Some time ago I did some research on the effectiveness of the PirateBay website blockade. I tried to measure this by looking at the intended effect: are there less Dutch people downloading torrents published on ThePirateBay? It turned out that this is very easily measurable, and in this post I am explaining what kind of information you expose when you are downloading a torrent.
Downloading the Torrent
The first step in downloading a torrent is to download the magnet link from a website such as ThePirateBay. As you would expect the web server can see what you search for and which magnet link you selected. A magnet link looks like the following (line breaks added for readability):
The first part is the hash identifier, which is used to find the torrent file itself in the peer-to-peer storage called the BitTorrent Distributed Hash Table (DHT). The second part is the human-readable description, and the last part is a set of URLs for trackers.

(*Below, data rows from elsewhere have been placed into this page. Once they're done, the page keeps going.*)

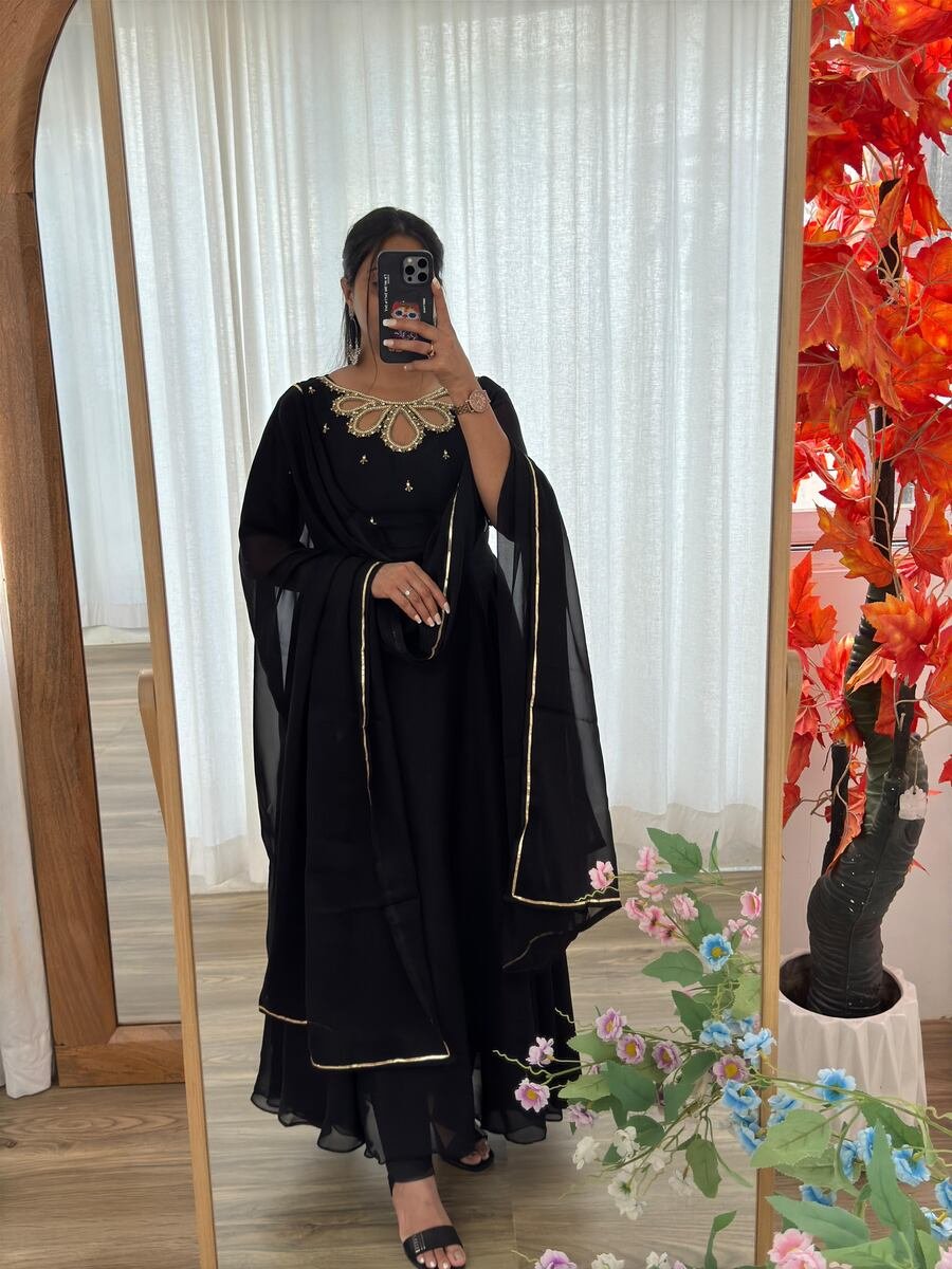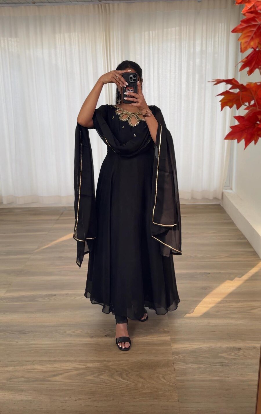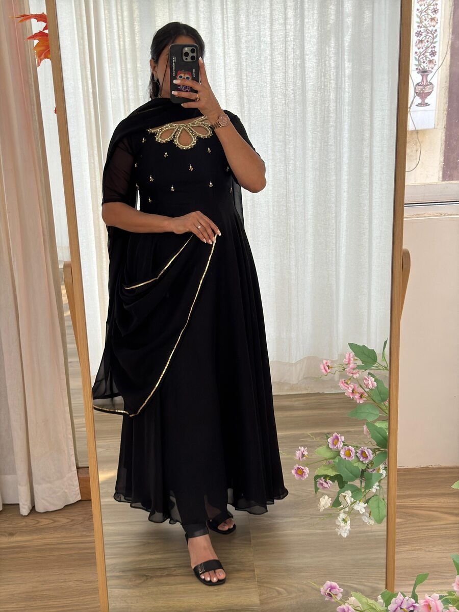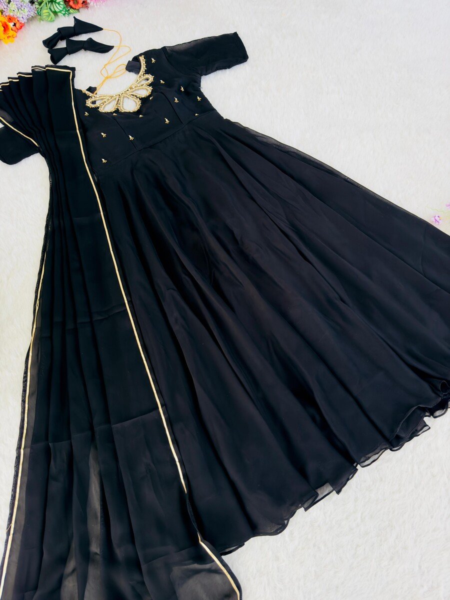 FASHIONABLE BLACK RANGOLI GEORGETTE EMBROIDERY NECK DESIGNER GOWN WITH DUPATTA BLACK
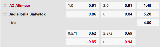 AZ Alkmaar ghi bàn khá đều đặn nhưng hàng thủ Jagiellonia đang để lọt lưới rất nhiều (trung bình 2 bàn/trận gần đây).
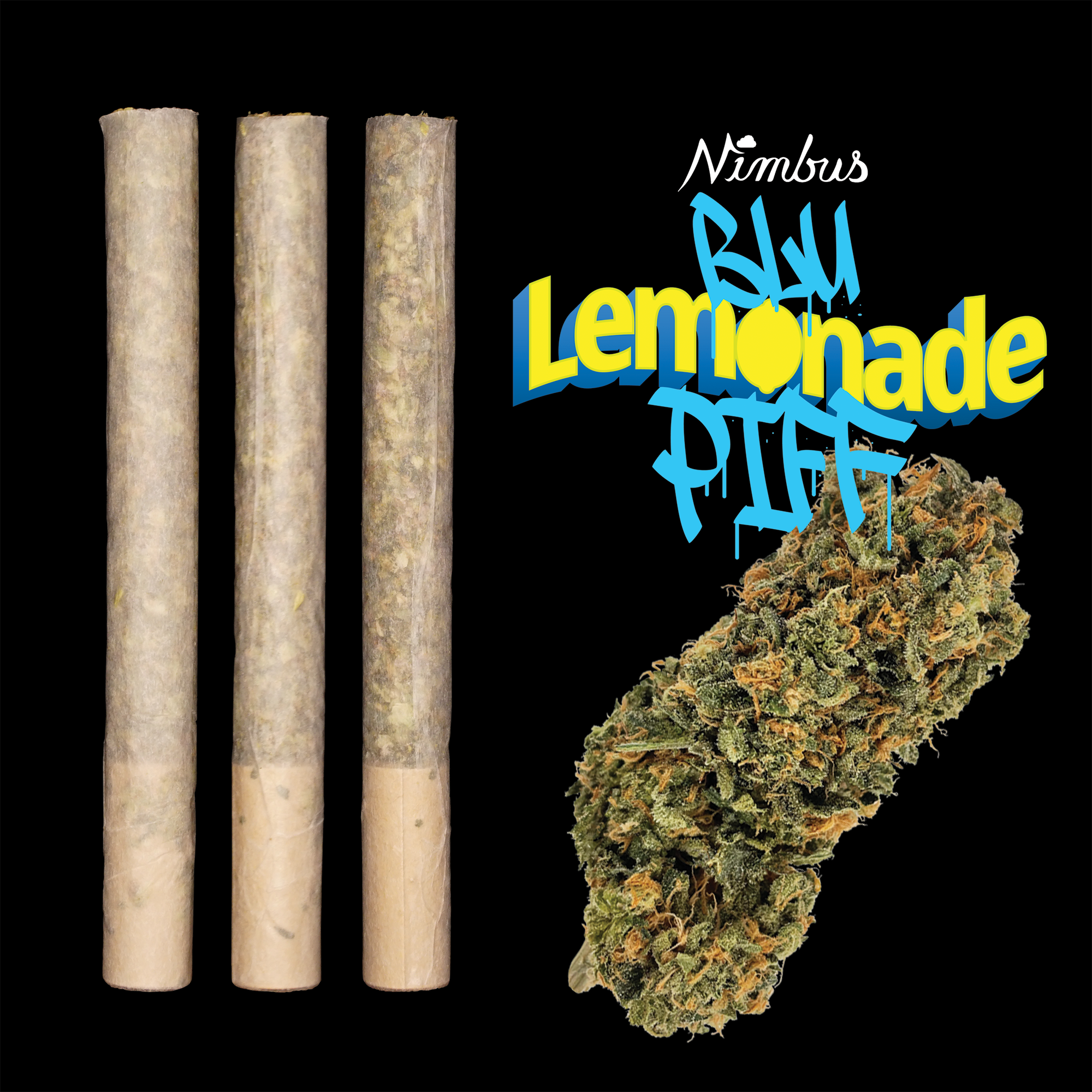 91 Lemons x Blu Piff Sativa Blu Lemonade Piff is the offspring of two strains important to the Nimbus story. It is the cross of 91 Lemons (Chem 91 x Lemon Tree) and Blu Piff (Blue Dream x Piff). In this new strain, the parent genetics collide, creating an up-and-soaring high with a terpene profile that tastes like blue lemonade.
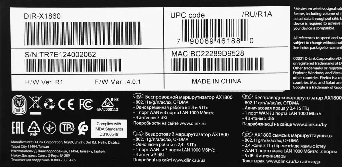 Маршрутизатор DIR-X1860, Адаптер питания постоянного тока 12В/1А, Ethernet-кабель, Документ «Краткое руководство по установке» (буклет). -
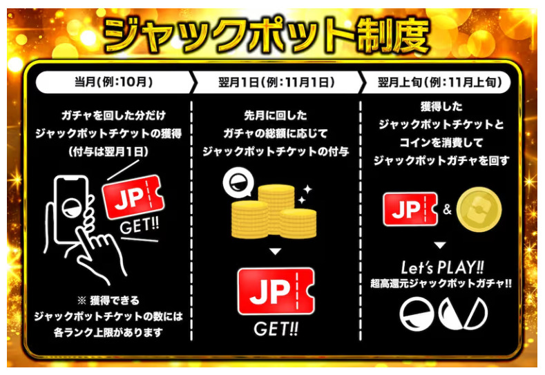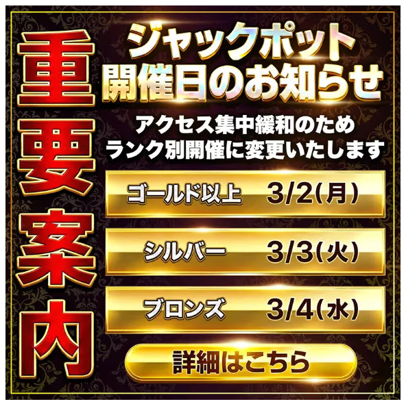 2026年3月からはサイトのアクセス集中を回避目的で、会員ランク別でジャックポットガチャの開催日が分けられました。
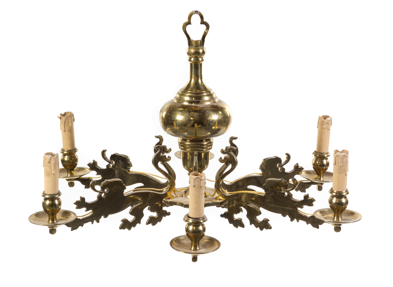 A Flemish Brass Six-Light Chandelier
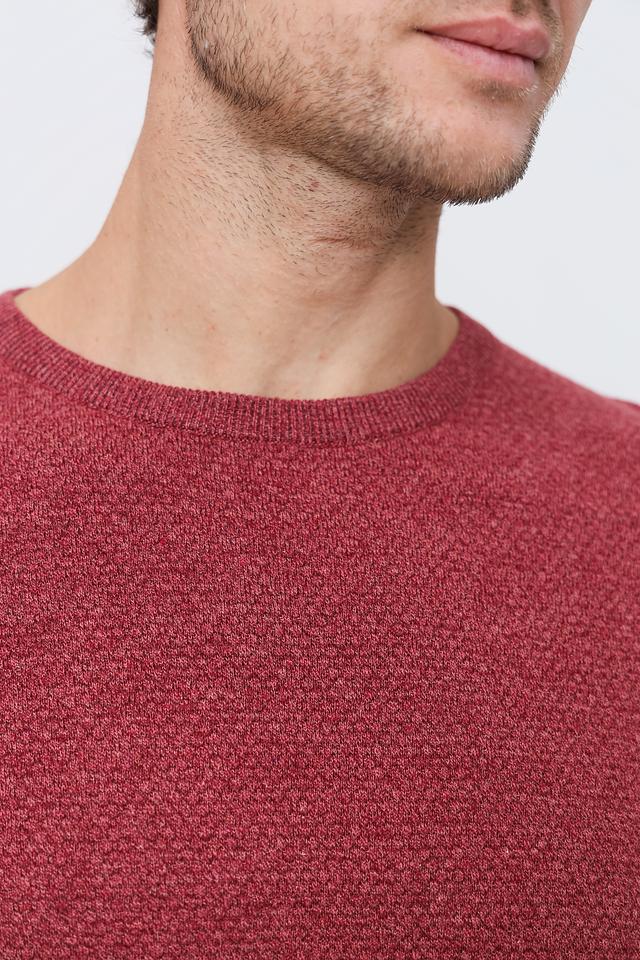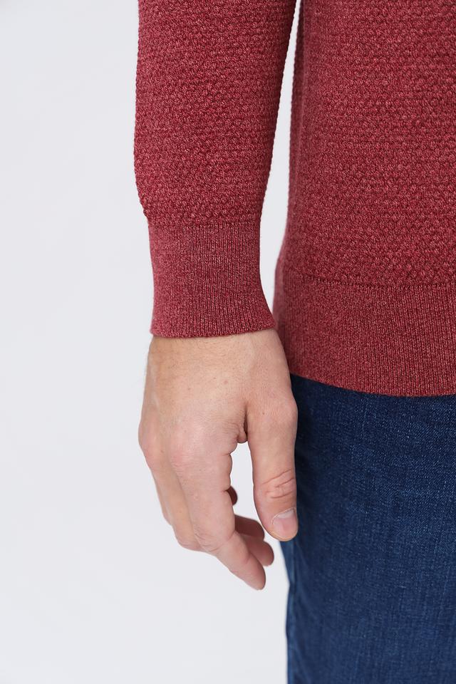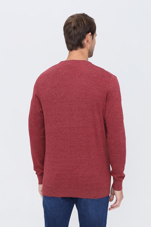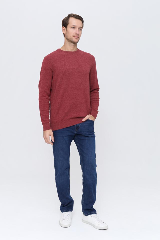 Джемпер имеет бордовый цвет и фактурную вязку, которая придает ему интересный вид. Классический крой и полукруглый вырез горловины делают его универсальным для различных случаев. Он хорошо сочетается с джинсами, брюками чинос и другой повседневной одеждой.
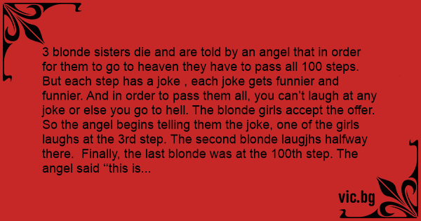 3 blonde sisters die and are told by an angel that in order for them to go to heaven they have to pass all 100 steps. But each step has a joke , each joke gets funnier and funnier. And in order to pass them all, you can’t laugh at any joke or else you go to hеll. The blonde girls accept the offer. So the angel begins telling them the joke, one of the girls laughs at the 3rd step. The second blonde laugjhs halfway there. Finally, the last blonde was at the 100th step. The angel said ‘‘this is the last step if you laugh you will go straight to hеll with your sisters and if you don’t you can pass. The blonde agrees and the angel starts to tell the joke, ‘‘What do you ca…’’ out of nowhere the blonde starts bursting out laughing. ‘‘Why are you laughing I haven’t even finished the joke yet’’? The blonde replies ‘’ I just got the first joke’’.
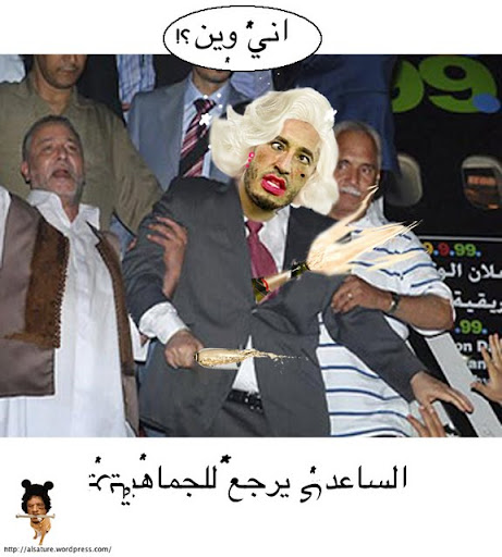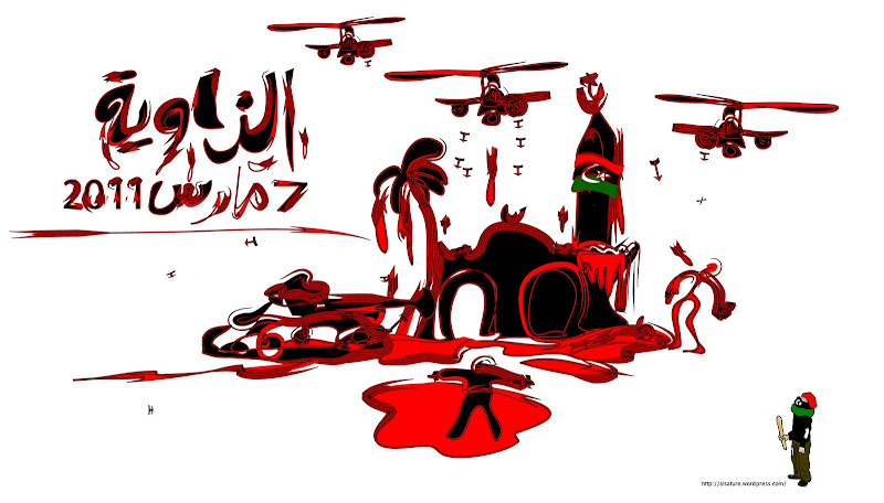 خروج ولي العرش/ سيف الإسلام القذافي ببيانه العجيب وقوله أن ليبيا ليست مثل تونس ومصر... كلام ترجمه النظام بعد سويعات لأبشع جرائم العصر.. الطائرات الحربية تقصف المواطنين العزل.. واثناء تشييعهم للشهداء.. اوقع النظام مجاذر في تاجوراء وبنغازي بصورة لم يسبق لها مثيل في العالم..
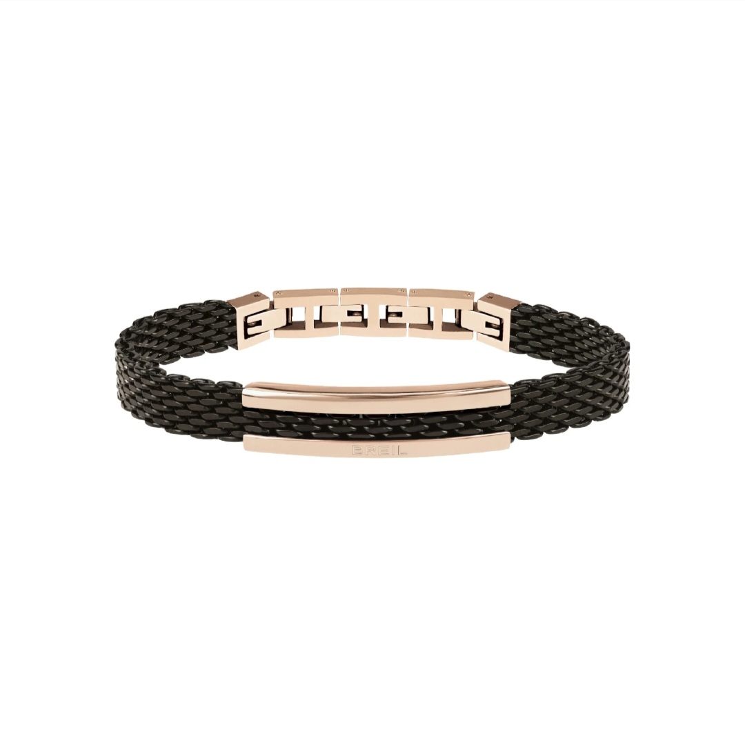 Men's bracelet with pink IP steel plate and IP gun colored steel Milanese mesh. Elegant and modern, perfect with every look.
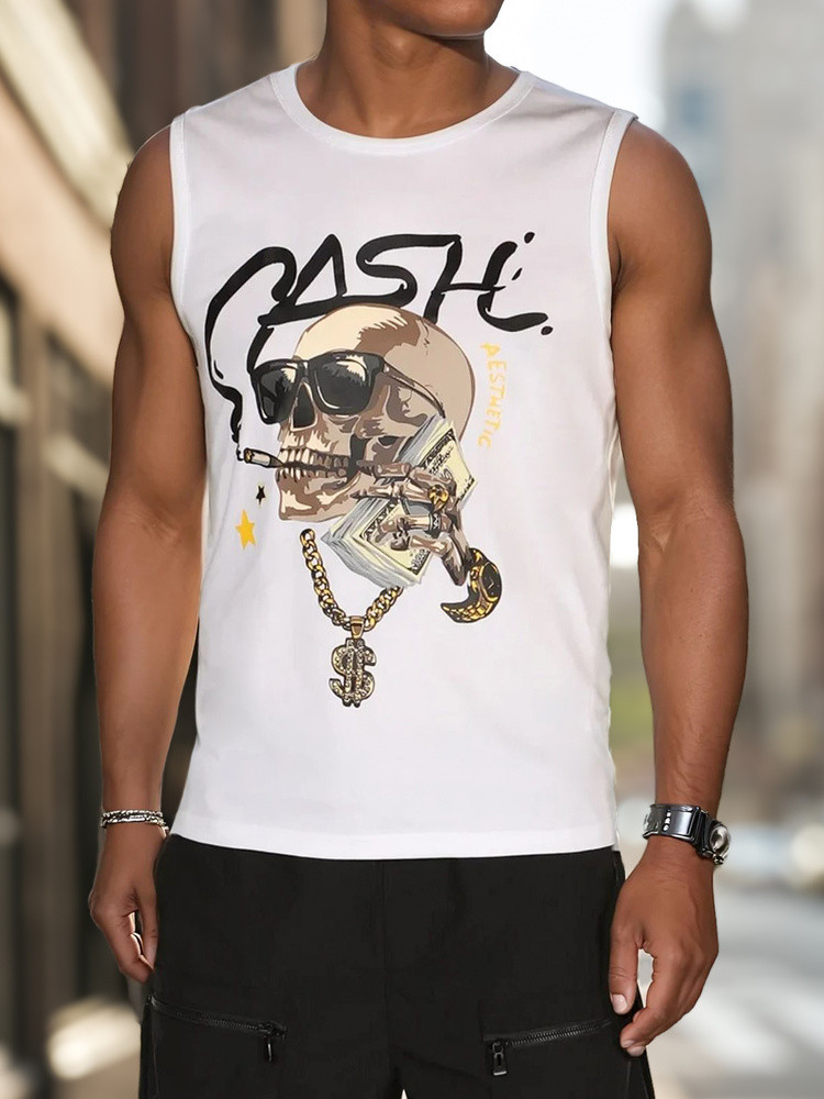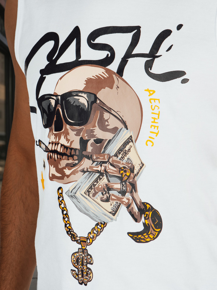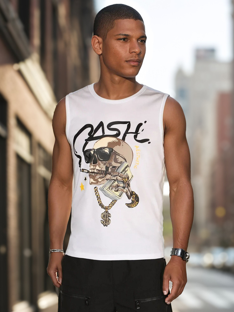 Tričko bez rukávů s městským potiskem je tou správnou volbou pro muže, kteří hledají výrazný akcent ke svému letnímu outfitu. Výstřih, klasický střih a výrazný potisk s motivem lebky a nápisem "CASH" dodávají tričku módní a mladistvý nádech. Skvěle se hodí na jarní a letní procházky městem.

The BitTorrent client contacts the trackers to bootstrap the connection to the peer-to-peer network, together with some preconfigured IPs in the client. The torrent file itself is then downloaded from the DHT network, and then the downloading actually starts. In this stage very few nodes can see what anyone is downloading.
Downloading the Content
Once the client has the complete torrent file it knows what the actual content looks like. It then needs to find other peers to download the content from. To find these peers the client contacts the trackers, uses the DHT to discover others, and gossips to other peers. Once a swarm is formed, the participating peers then negotiate to exchange content and collaboratively distribute the content over the swarm.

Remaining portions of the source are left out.